Palestinian Dance Instructor

Pierre Dulaine (born 23 April 1944) is a dance instructor and dancer. He invented the Dulaine method of teaching dance. He also founded Dancing Classrooms, a social and emotional development program for 5th grade children that uses ballroom dancing as a vehicle to change the lives of the children and their families.

Notably, his early works with children was fictionalized in the film Take the Lead, starring Antonio Banderas as Pierre Dulaine.

The documentary film Mad Hot Ballroom follows a Ballroom Dancing with Dancing Classrooms competition.

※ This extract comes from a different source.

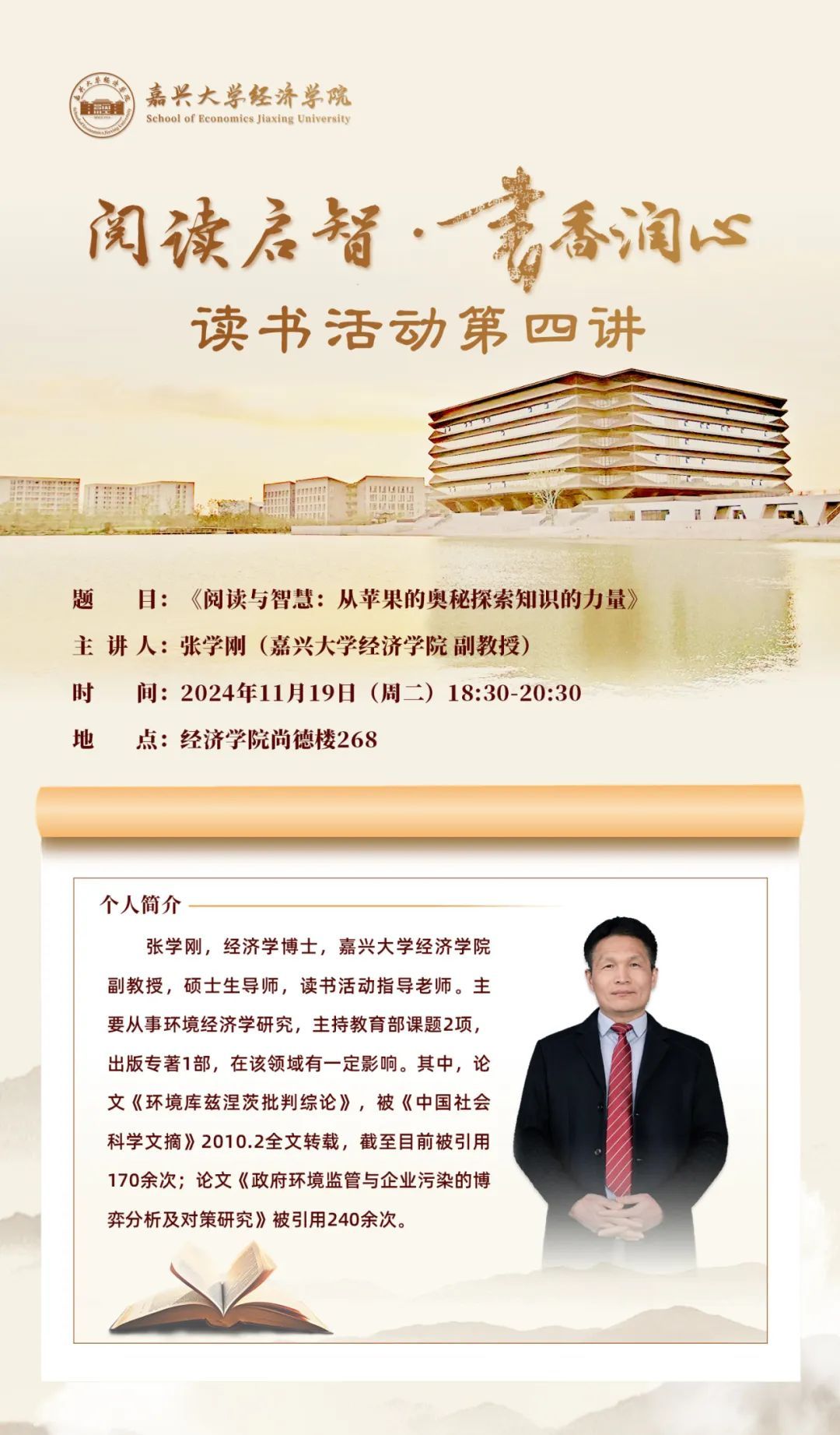 “阅读启智・书香润心”读书活动第四讲——《阅读与智慧:从苹果的奥秘探索知识的力量》,于11月19日在尚德楼268会议室举办,必赢线路检测中心党委书记蔡运男,必赢线路检测中心读书小组指导老师张学刚副教授,辅导员老师陈维奇,第三期青马班全体成员参加活动。

==Early life and education==

Pierre Dulaine was born in Jaffa, British Mandate of Palestine in 1944. His Irish father was serving with the British Army stationed in British Mandate Palestine; his mother is Palestinian. In 1948 his parents fled Israel. After eight months of moving several times, first in Cyprus, then in England and Ireland, Dulaine's family settled in Amman, Jordan. In 1956, the Suez Crisis forced Dulaine's parents to flee the area, eventually resettling in Birmingham, England.

==Career==
Dulaine began his dancing career at the age of 14, and took his Associate Degree as a professional dancer when he was 18. He took three further majors exams aged 21 and became a full member of the Imperial Society of Teachers of Dancing.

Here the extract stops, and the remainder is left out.